• Data extract
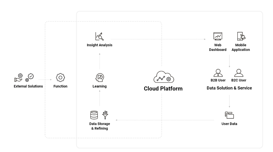 HL Klemove는 B2B User, B2C User에게 데이터 솔루션과 서비스를 제공하고 그로부터 창출되는 User Data를 데이터 스토리지에서 재가공합니다. 그렇게 재가공된 데이터를 통하여 클라우드 플랫폼, 빅데이터 분석 및 AI 기술을 개발합니다. 해당 데이터로 부터 분석된 인사이트를 다시 B2B, B2C User에게 제공합니다.
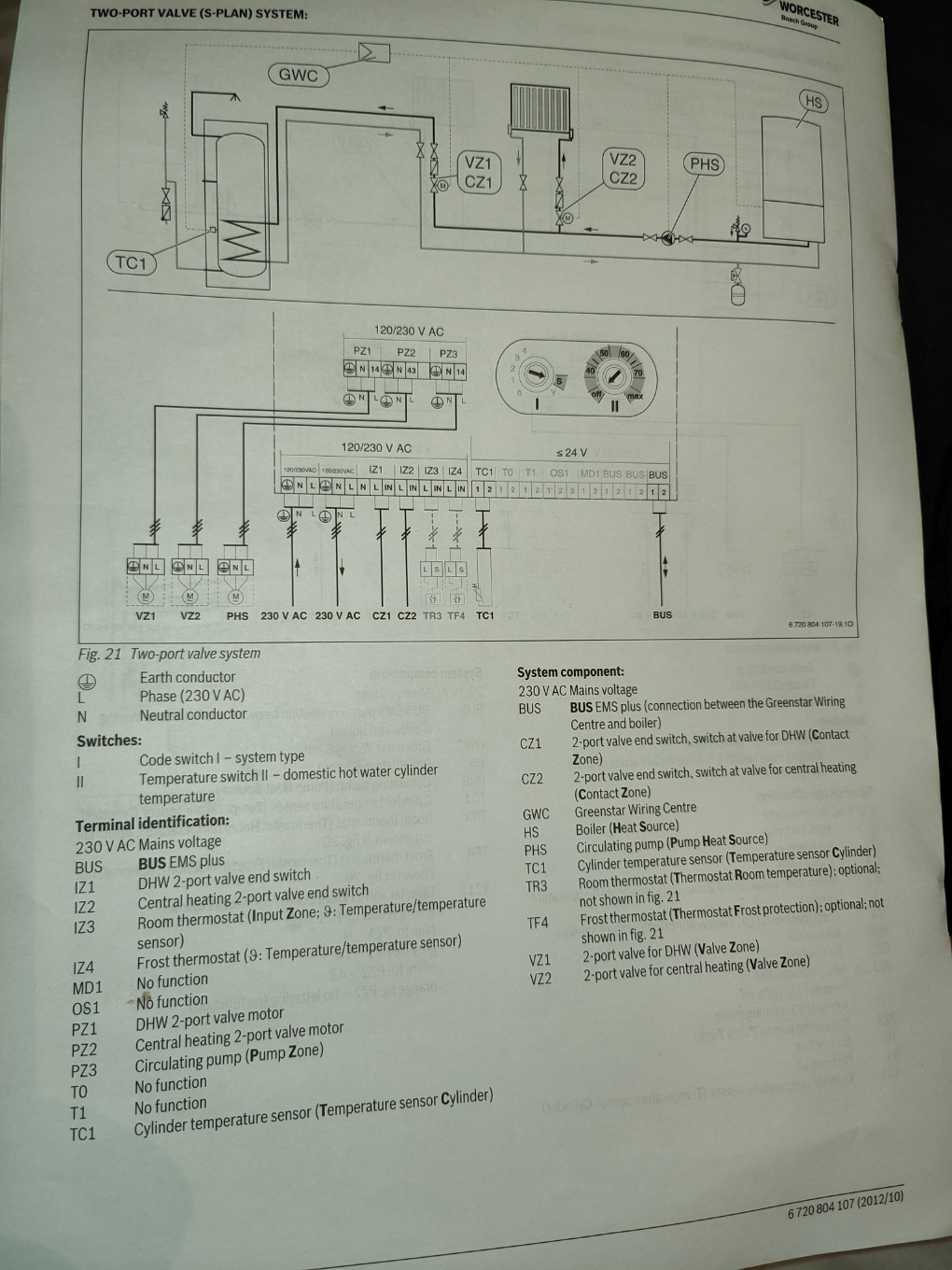 Worcester Bosch only allow their own ebus thermostats to be used, so can't use the OpenTherm option, so you really want a thermostat which only switches off when all rooms are satisfied, every time an on/off thermostat switches off and on again, the boiler starts again from scratch setting the output to match demand, so is not running as efficiently until it has set how much it needs to modulate, the whole idea is the room temperatures are set with the TRV, as each TRV closes more water is forced though those still open, and then the by-pass valve starts to open allowing hot water direct back to boiler, the boiler uses the return water temperature to set how much it needs to modulate (turn down) so it is able to gain the latent heat from the flue gases. It also means a smooth temperature, with little or no hysteresis.
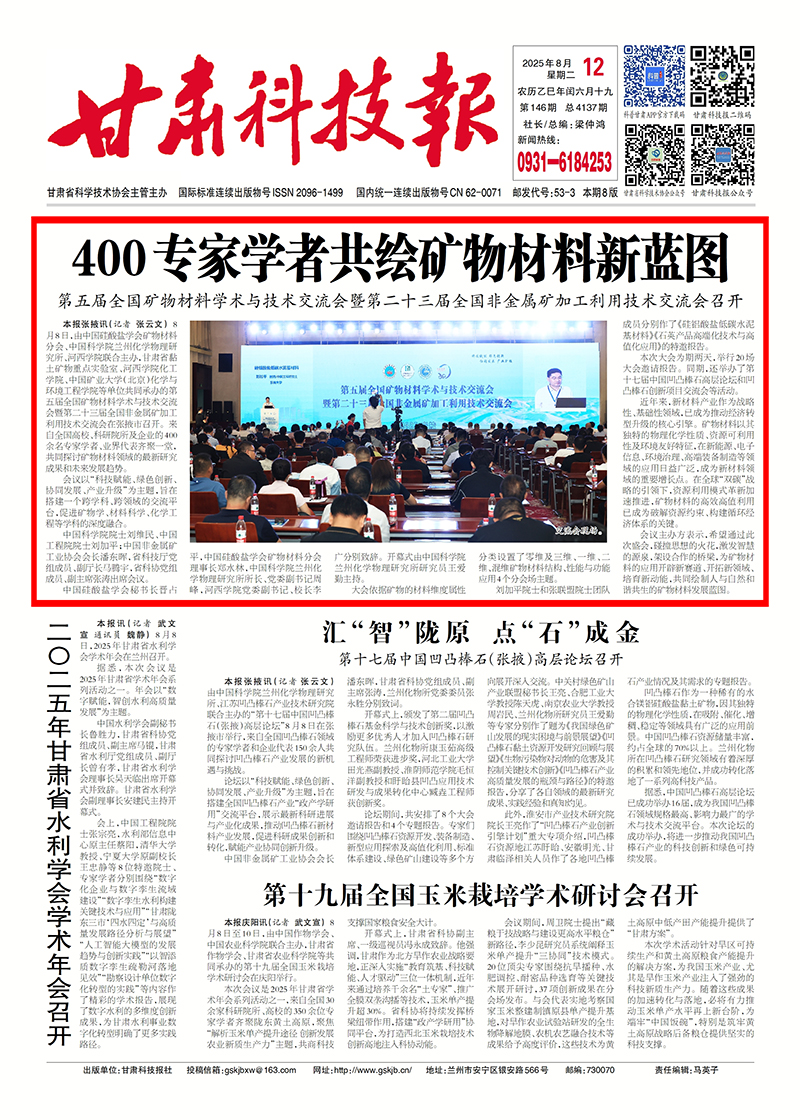 【甘肅科技報】第五屆全國礦物材料學術(shù)與技術(shù)交流會召開 400專家學者共繪礦物材料新藍圖

• Task requirements
Transcribe each line above exactly, pictures excluded.

• Result of this exercise
 HL Klemove는 B2B User, B2C User에게 데이터 솔루션과 서비스를 제공하고 그로부터 창출되는 User Data를 데이터 스토리지에서 재가공합니다. 그렇게 재가공된 데이터를 통하여 클라우드 플랫폼, 빅데이터 분석 및 AI 기술을 개발합니다. 해당 데이터로 부터 분석된 인사이트를 다시 B2B, B2C User에게 제공합니다.
 Worcester Bosch only allow their own ebus thermostats to be used, so can't use the OpenTherm option, so you really want a thermostat which only switches off when all rooms are satisfied, every time an on/off thermostat switches off and on again, the boiler starts again from scratch setting the output to match demand, so is not running as efficiently until it has set how much it needs to modulate, the whole idea is the room temperatures are set with the TRV, as each TRV closes more water is forced though those still open, and then the by-pass valve starts to open allowing hot water direct back to boiler, the boiler uses the return water temperature to set how much it needs to modulate (turn down) so it is able to gain the latent heat from the flue gases. It also means a smooth temperature, with little or no hysteresis.
 【甘肅科技報】第五屆全國礦物材料學術(shù)與技術(shù)交流會召開 400專家學者共繪礦物材料新藍圖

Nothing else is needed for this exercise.